Items listed in a dataset:

▼

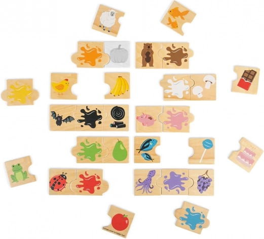 Objevte chytře navrženou vzdělávací hru, v níž děti skládají trojice podle barvy – například hnědý medvěd, čokoládová tyčinka a hnědá kaňka. 30 robustních dřevěných dílků v 10 výrazných barvách láká k opakovanému hraní a přirozeně podporuje učení barev i pojmenovávání objektů.
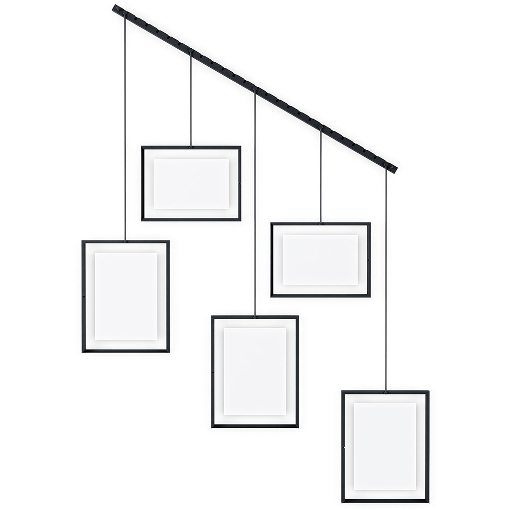 PRESENTATION ADAPTABLE : Chaque photo peut être interchangée en déplacant la tige sur la barre horizontale. La barre verticale peut elle même être suspendue inclinée de facon à suivre la pente d'un escalier ou d'une sous pente de toit.
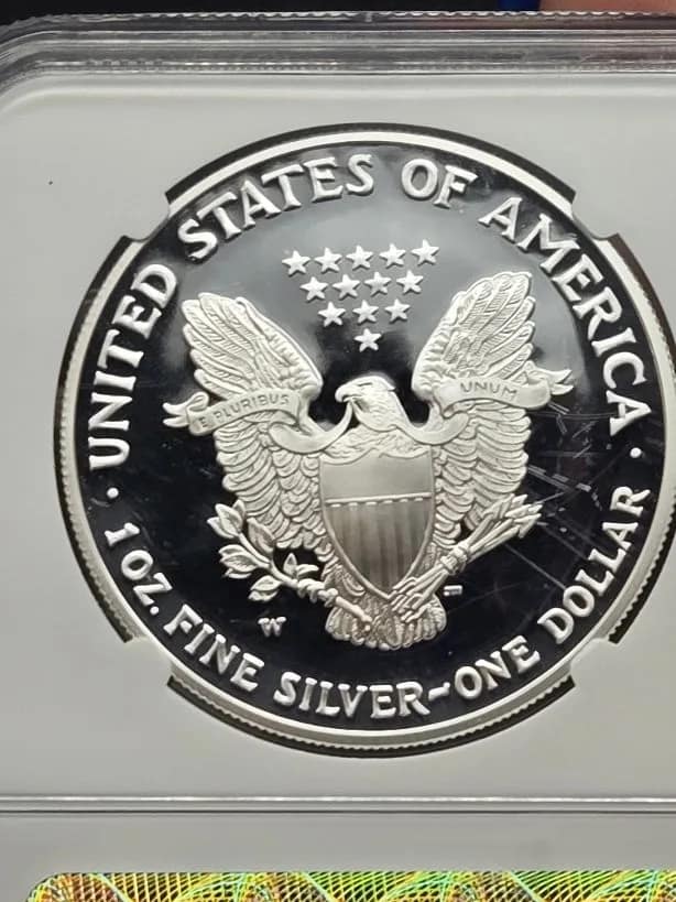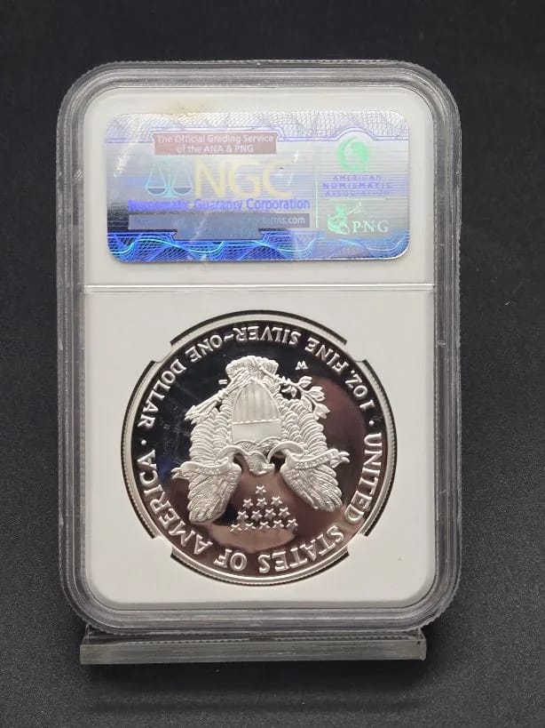 This coin has been certified PF70 by NGC (Numismatic Guaranty Company), indicating a perfect proof coin with no visible imperfections under magnification. PF70 Silver Eagles are highly desirable among collectors for their flawless quality and strong eye appeal.
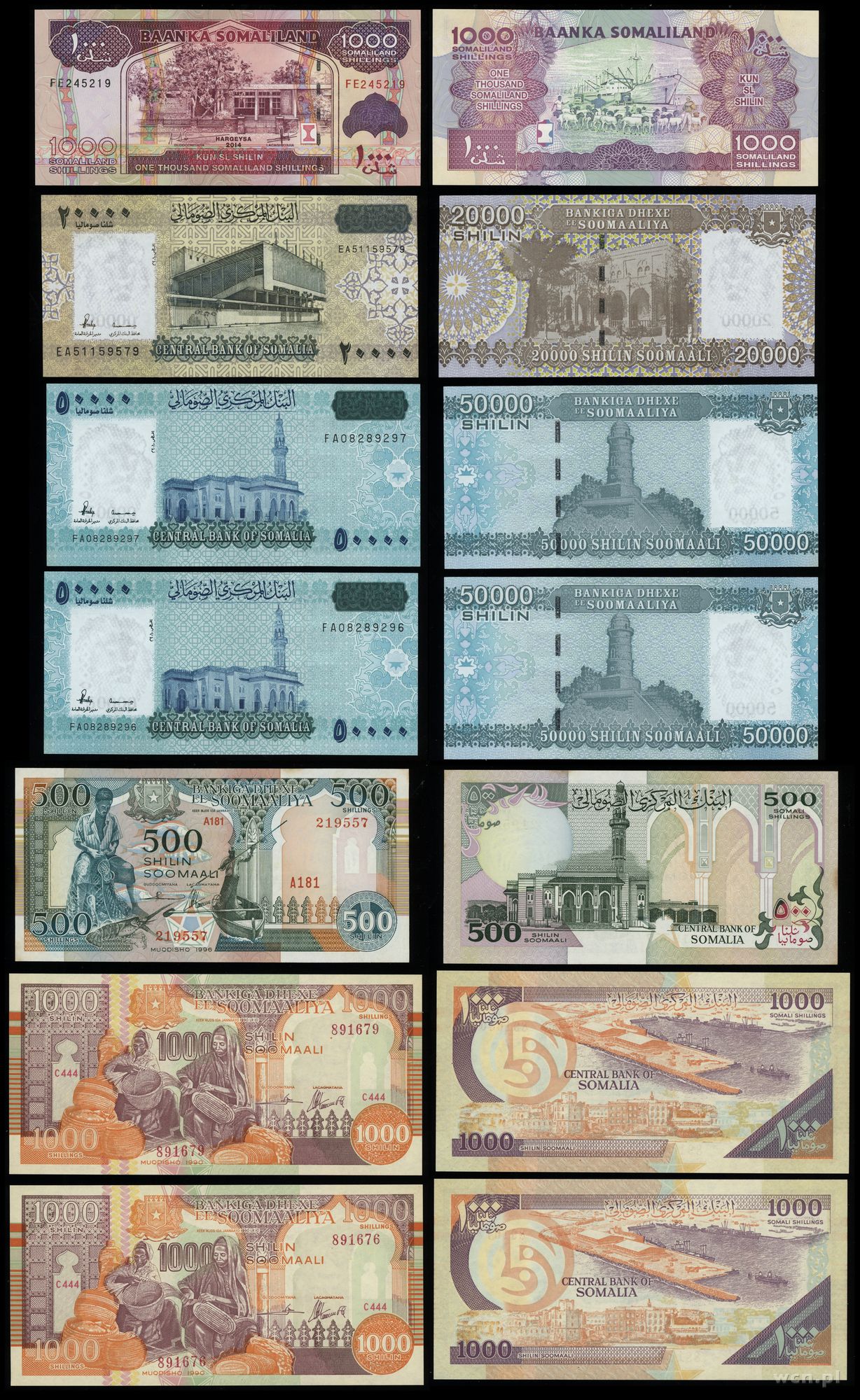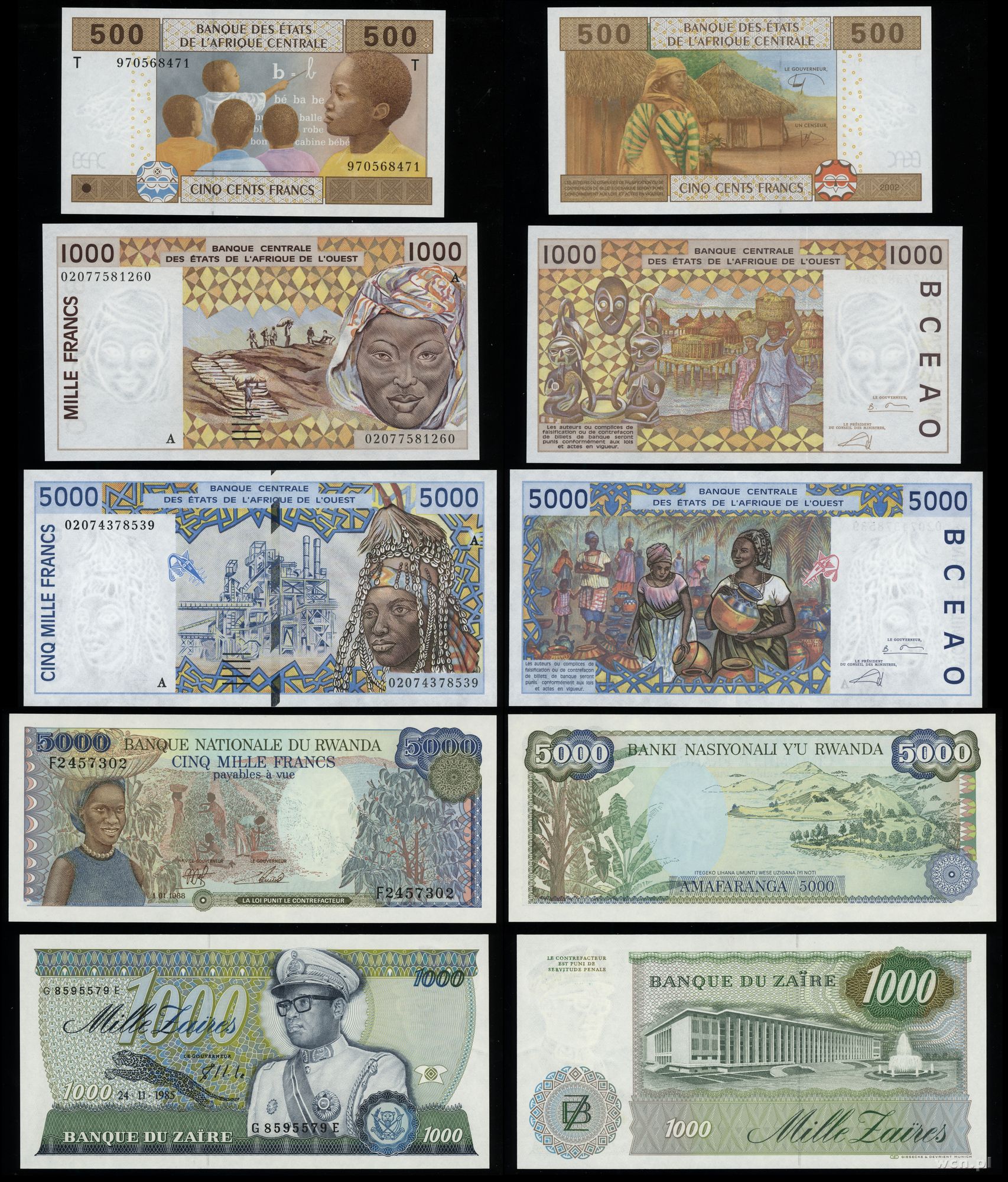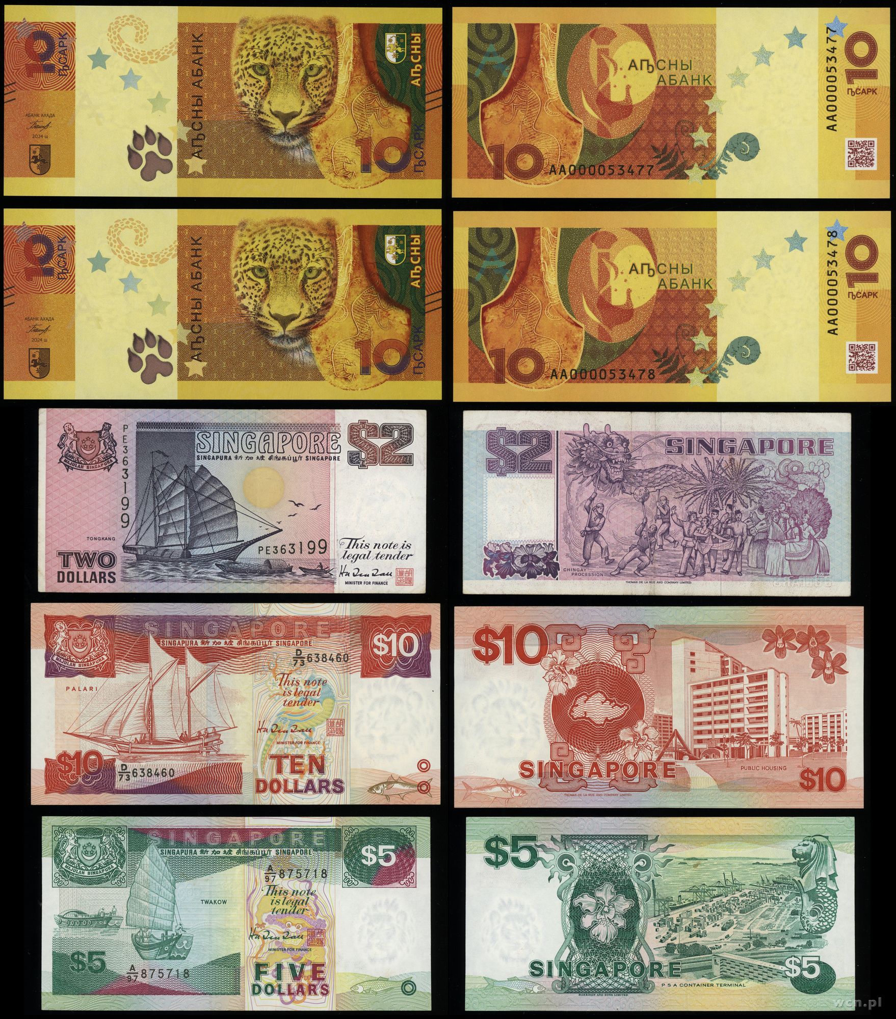zestaw różnych banknotów, zestaw 5 banknotów, 1985–2022
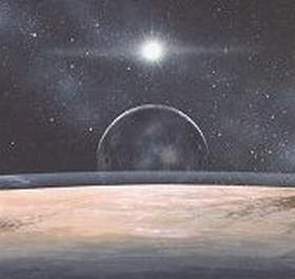 我们在地球上看到的太阳是一个巨大火球,它如此耀眼以致根本无法用肉眼直接观看。但是在太阳系其它行星上观看太阳就完全不是这样,比如说在冥王星上着陆后,即在太阳系中距离太阳最远的第九颗行星上,我们看到的太阳会是这样的情景:在冥王星上看到的太阳就像地球上看到的一颗普通恒星一样。

▲

Problem to solve - For this exercise, set down exactly the lines that run from the line holding "PRESENTATION ADAPTABLE : Chaque" to the last line of the records above; include both end lines and omit pictures.

Exercise result -
 PRESENTATION ADAPTABLE : Chaque photo peut être interchangée en déplacant la tige sur la barre horizontale. La barre verticale peut elle même être suspendue inclinée de facon à suivre la pente d'un escalier ou d'une sous pente de toit.
 This coin has been certified PF70 by NGC (Numismatic Guaranty Company), indicating a perfect proof coin with no visible imperfections under magnification. PF70 Silver Eagles are highly desirable among collectors for their flawless quality and strong eye appeal.
zestaw różnych banknotów, zestaw 5 banknotów, 1985–2022
 我们在地球上看到的太阳是一个巨大火球,它如此耀眼以致根本无法用肉眼直接观看。但是在太阳系其它行星上观看太阳就完全不是这样,比如说在冥王星上着陆后,即在太阳系中距离太阳最远的第九颗行星上,我们看到的太阳会是这样的情景:在冥王星上看到的太阳就像地球上看到的一颗普通恒星一样。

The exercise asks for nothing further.